What to work on: In the entries below, find the line with "- おしゃれだね〜と褒められ" and the line with "Muster der Retro-Quadrate"; reproduce those two lines and all lines between them exactly, without pictures.
──────────
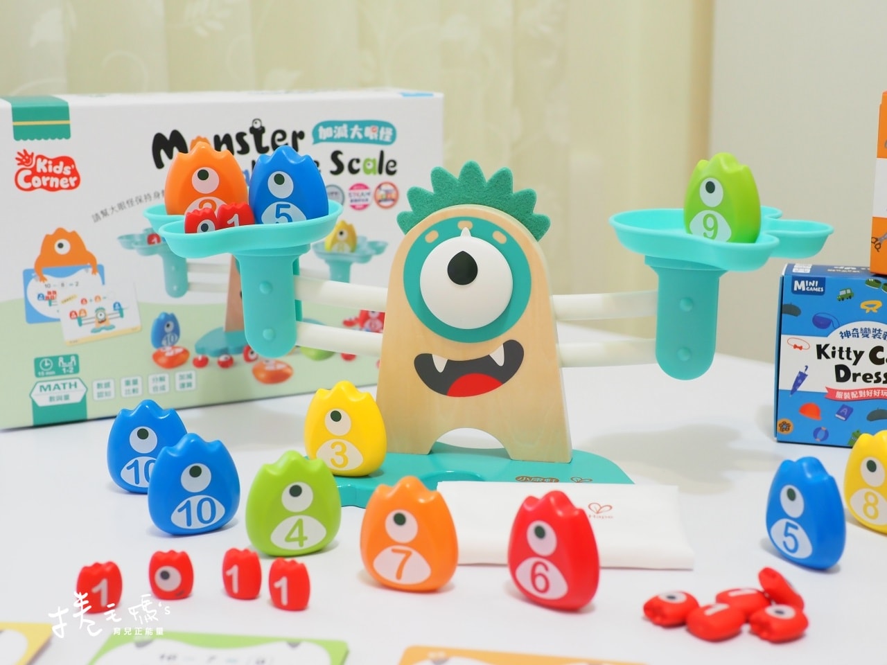 結合了數字概念、大小、重量、比較、顏色,把爸媽覺得很難解釋、難教的抽象的概念『遊戲化、量化、活用化』。
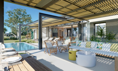 Discover this luxury villa, located in a golf estate on the east coast of Mauritius, nestled between the green mountains and the crystal clear lagoon. This secure estate extends over 213 hectares of tropical gardens and 6 km of shoreline and includes two 5* hotels with top-of-the-range services and an 18-hole golf course. This beautiful single-storey villa of 223 m2, located on a plot of 1715 m2 by the sea within one of the two 5* resorts, is composed of 2 en-suite bedrooms. Recently renovated, its living spaces decorated in a chic tropical style, open outwards and overlook a covered terrace and a private swimming pool, ideal for cooling off while admiring the lagoon which is at the end of its magnificent landscaped garden. . By acquiring this property you will be able to benefit from all the 5* services and benefits of the hotel and its expertise in rental matters since this villa is part of its rental inventory.
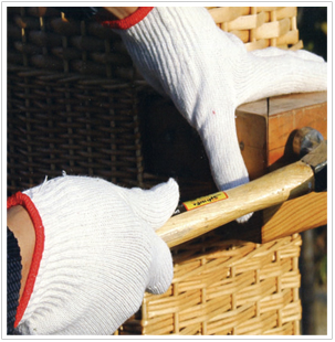 紅布黃布二層加托手套 出口十針A級燈罩棉10付450克綠邊
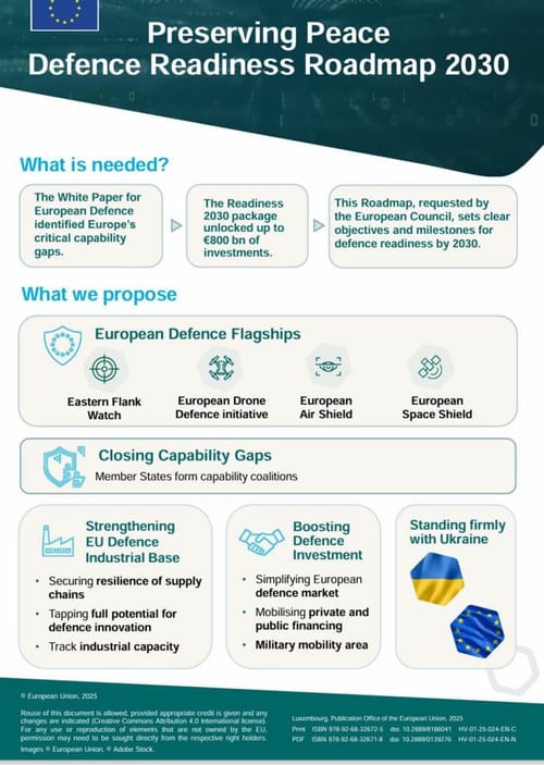 Osservatorio contro militarizzazione di scuole e università - Sunday, October 19, 2025“Preservare la pace – Tabella di marcia per la prontezza alla difesa 2030”, questo il titolo di un piano, l’ennesimo, che dovrebbe dare forza e impulso al sistema militare UE. Non bastava il libro bianco della difes e il Rearm Europe che ora arriva un altro tassello dei processi di militarizzazione, un piano globale per rafforzare le capacità di difesa europee.
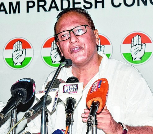 Pradyut Bordoloi addresses the news conference in Guwahati on Thursday. Picture by UB Photos
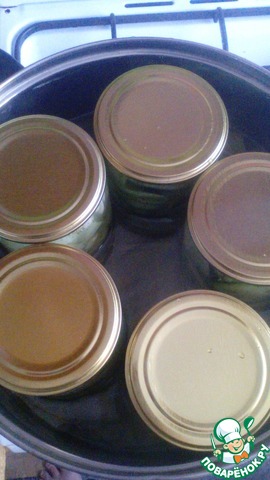 Заложить в стерилизованные банки (0,5-0,7л.) и стерилизовать 30-40 минут. Банки закрутить. Укрывать или нет на Ваше усмотрение. Я ни когда банки не укутываю, вкус не меняется. Приятного аппетита.
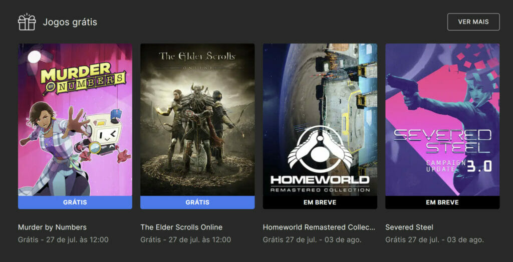 Mas para que possa reivindicá-los, existe um prazo, e este novo game estará disponível até o dia 27 de julho, próxima quinta-feira, até às 12 horas, quando será substituído por outros dois títulos: Homeworld Remastered Collection e Severed Steel. Mas hoje (20), os usuários da Epic Games Store já podem reivindicar Murder by Numbers e The Elder Scrolls Online.
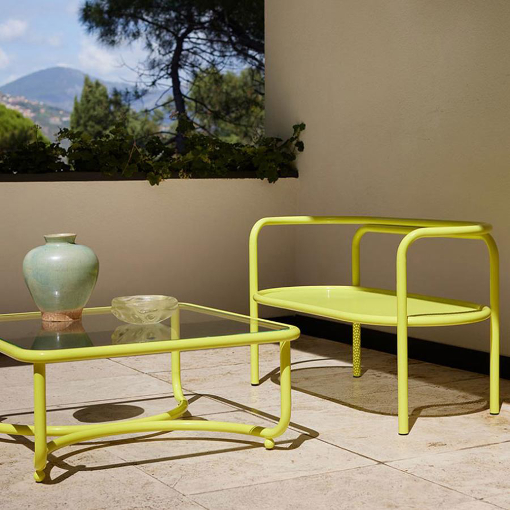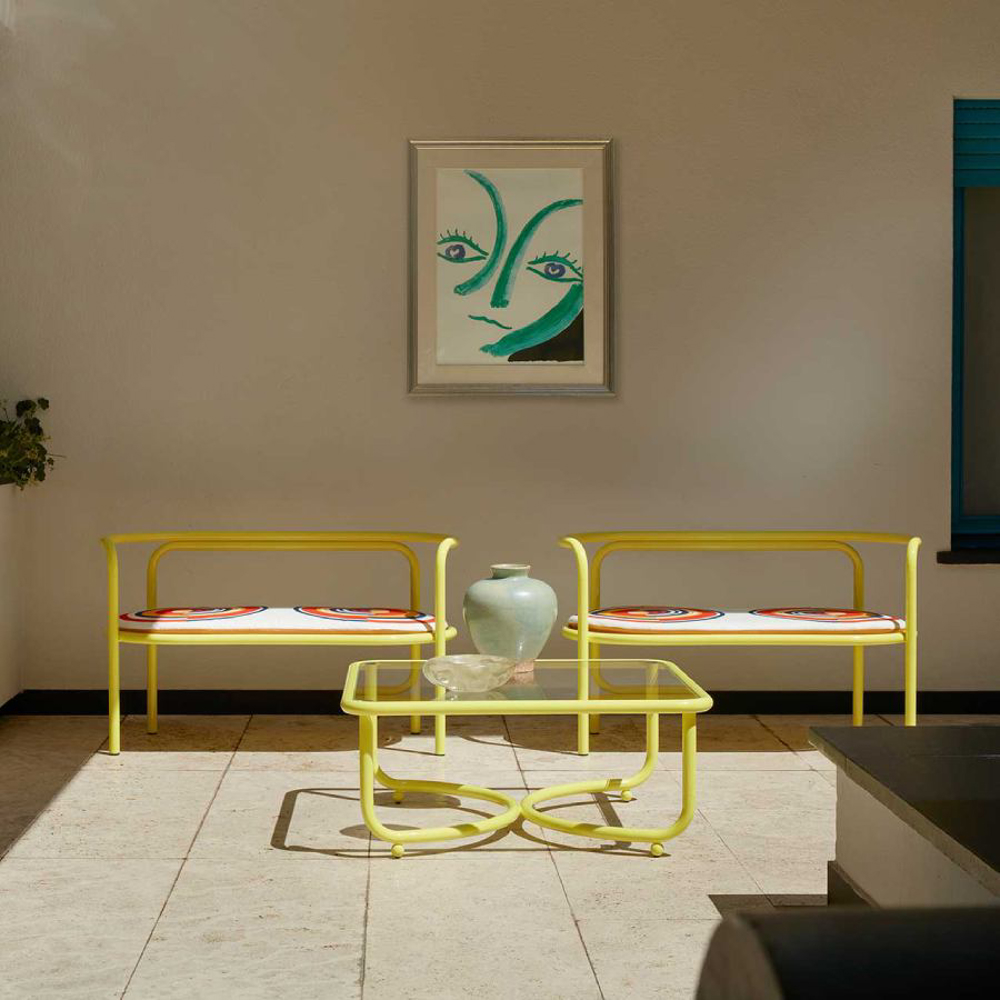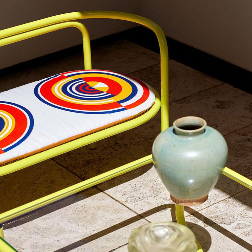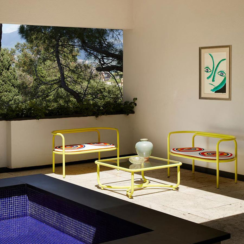 Made of steel and fabrics with original and unpublished patterns, Locus Solus is the re-edition of a collection designed by Gae Aulenti in 1964.
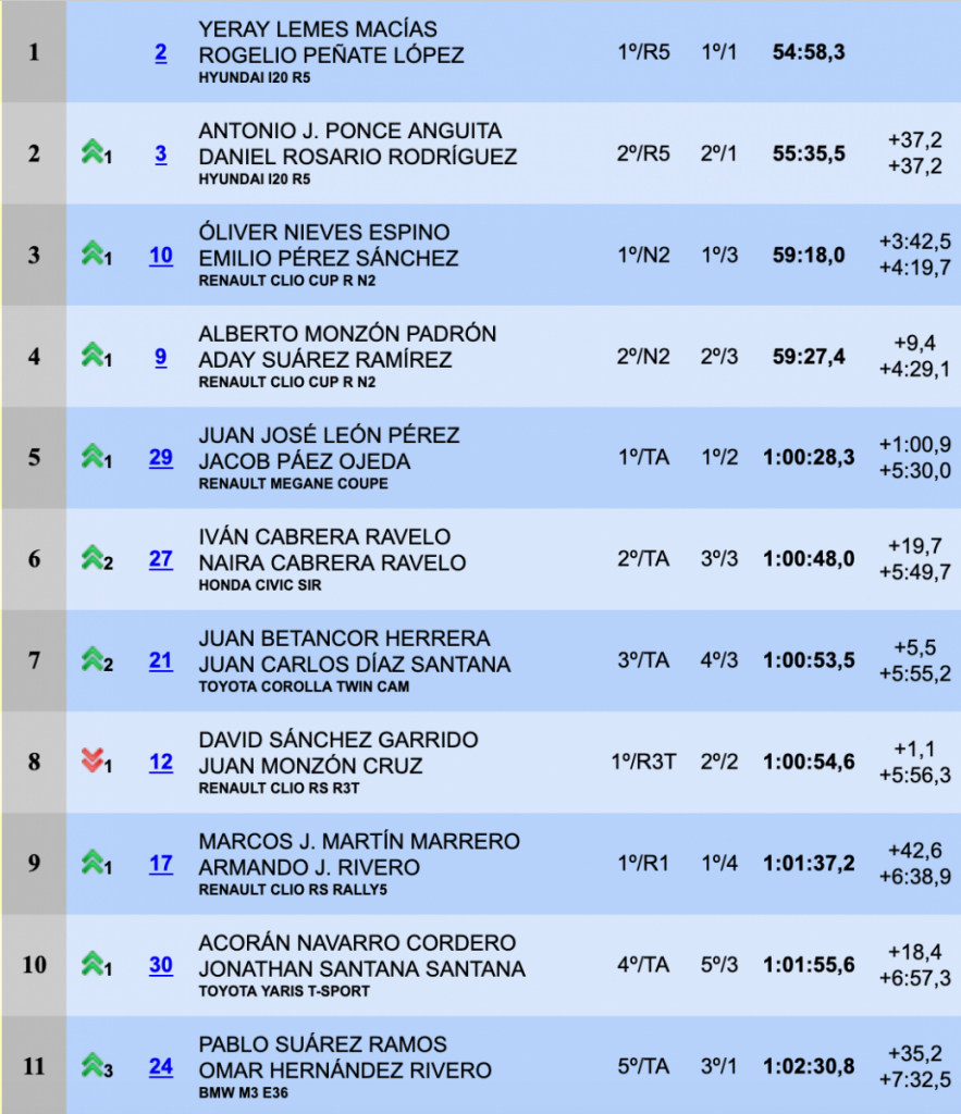 Con tantos abandonos, especialmente en la parte alta, como el de Emma Falcón y Cándido Carrera (Citroën C3 R5) cuando eran cuartos; José María Ponce y Carlos Larrodé (Seat 600 JTR), también cuando eran cuartos, y Noé Armas y Efraín González (Renault Clio R3T) cuando eran quintos, además de otros llamados a estar en las primeras posiciones pero que no pudieron lograrlo antes de abandonar, Raúl Quesada y Tino Vega (Skoda Octavia Kit Car); Anyelo Padrón y Narciso Pérez (Mitsubishi Lancer Evo VIII); Juan Carlos de la Cruz y Miguel Ángel Rodríguez (Mitsubishi Lancer Evo IX), entre otros, propició que un equipo que no ha parado de sorprender a propios y extraños con una conducción eficaz y rápida, el compuesto por Oliver Nieves y Emilio Pérez (Renault Clio Cup R N2), tuviera el justo premio a su empuje con el último escalón del podio.
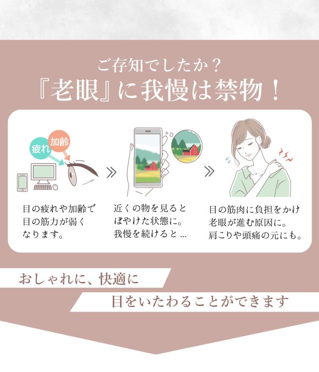 - おしゃれだね〜と褒められます。老眼鏡には見えないです。普段使っている眼鏡より、少し重たいかな〜ぐらいです。
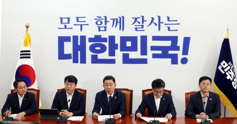 김병기 더불어민주당 당대표 직무대행 겸 원내대표가 29일 오전 서울 여의도 국회에서 열린 원내대책회의에서 발언을 하고 있다. 뉴시스
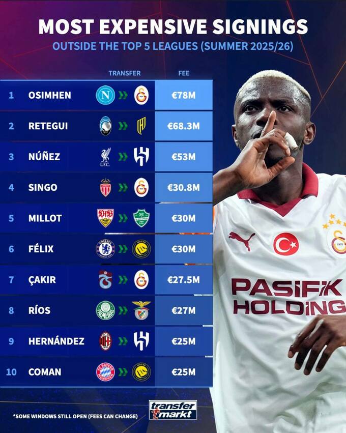 На вершине рейтинга оказался нигерийский форвард Виктор Осимхен, который стал игроком турецкого «Галатасарая» за 78 миллионов евро. Предыдущим клубом Виктора был «Наполи».
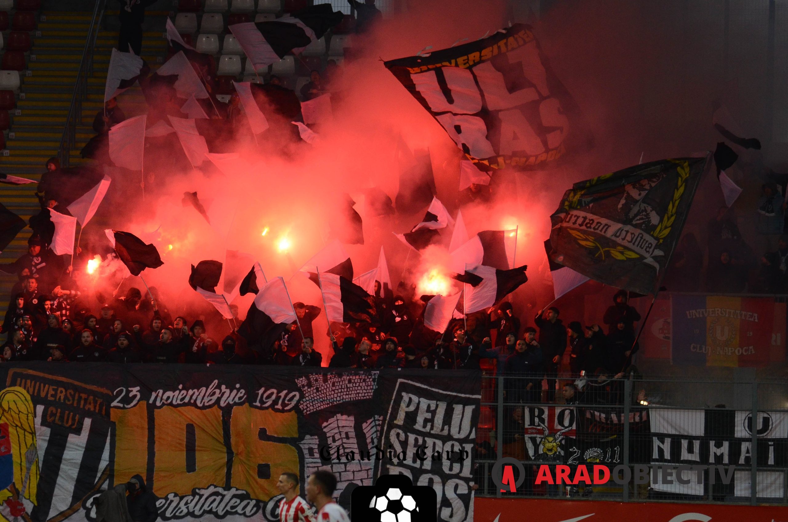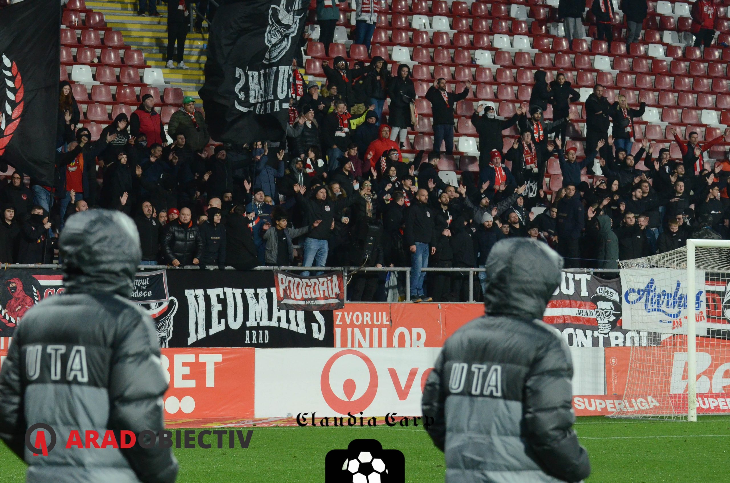 4200 de utiști și o mână de „U“iști au fost înfruntat ieri frigul pătrunzător de noiembrie pentru a asista la partida dintre UTA și Universitatea Cluj. Oaspeții, după ce s-au încălzit pe parcursul meciului de la torțele aprinse, s-au încins de-a binelea la final, cele trei puncte cucerite pe Mureș urmând să le țină de cald până etapa viitoare.
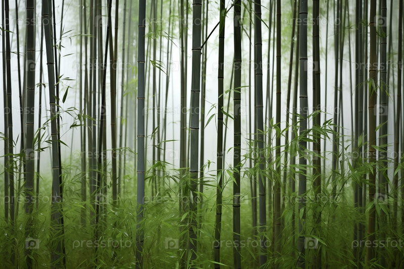 Горный бамбуковый лес в туманную погоду, фон, пейзаж,
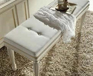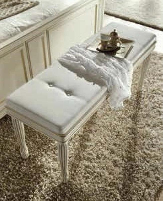Банкетка с изящными фигурными ножками выполнена в классическом стиле. Сиденье обито тканью и украшено стежкой.
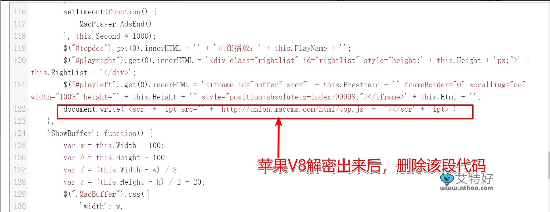 3. 解密出来后,找到该出广告代码,并删除该行代码
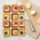Muster der Retro-Quadrate - rot, braun und orange Geschirrtuch
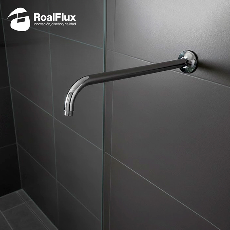 Marca: RoalFlux Material: Acero inoxidable Acabado: Cromado Medida rosca: 1/2″ Rosca: NPT Longitud: 40 cm Diámetro del chapetón: 5 cm
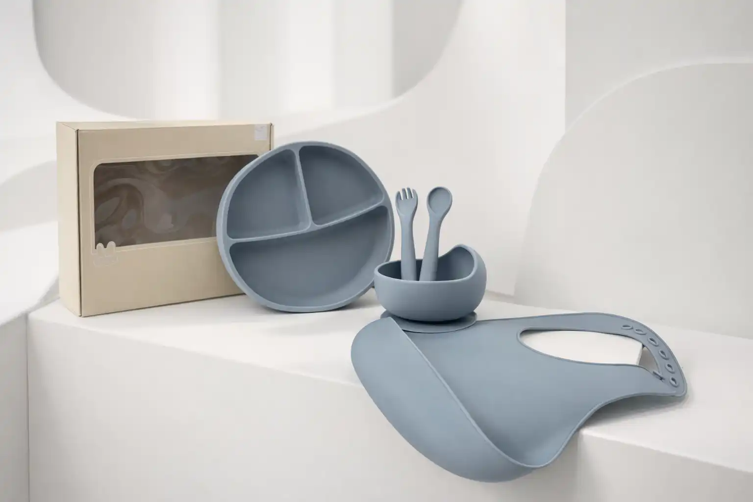 Set posuđa je napravljen od bezbednog silikona za hranu 🍴, bez mirisa, BPA i PVC materijala. Mekani kvalitetni silikon je nežan prema bebinim ustima i zubićima, pa nema straha od povreda pri hranjenju 👶.
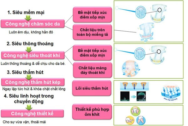 . Siêu thấm hút: thiết kế chống tràn khóa chặt chất lỏng đến 6-8 tiếng và không vón cục. Các hạt thấm hút kép cùng với bề mặt tiếp xúc điểm xốp mịn tạo ra những khoảng trống giúp thấm chất lỏng cực nhanh và không bị lan ra khắp bề mặt tã.
──────────
Response for this exercise:
 - おしゃれだね〜と褒められます。老眼鏡には見えないです。普段使っている眼鏡より、少し重たいかな〜ぐらいです。
 김병기 더불어민주당 당대표 직무대행 겸 원내대표가 29일 오전 서울 여의도 국회에서 열린 원내대책회의에서 발언을 하고 있다. 뉴시스
 На вершине рейтинга оказался нигерийский форвард Виктор Осимхен, который стал игроком турецкого «Галатасарая» за 78 миллионов евро. Предыдущим клубом Виктора был «Наполи».
 4200 de utiști și o mână de „U“iști au fost înfruntat ieri frigul pătrunzător de noiembrie pentru a asista la partida dintre UTA și Universitatea Cluj. Oaspeții, după ce s-au încălzit pe parcursul meciului de la torțele aprinse, s-au încins de-a binelea la final, cele trei puncte cucerite pe Mureș urmând să le țină de cald până etapa viitoare.
 Горный бамбуковый лес в туманную погоду, фон, пейзаж,
Банкетка с изящными фигурными ножками выполнена в классическом стиле. Сиденье обито тканью и украшено стежкой.
 3. 解密出来后,找到该出广告代码,并删除该行代码
Muster der Retro-Quadrate - rot, braun und orange Geschirrtuch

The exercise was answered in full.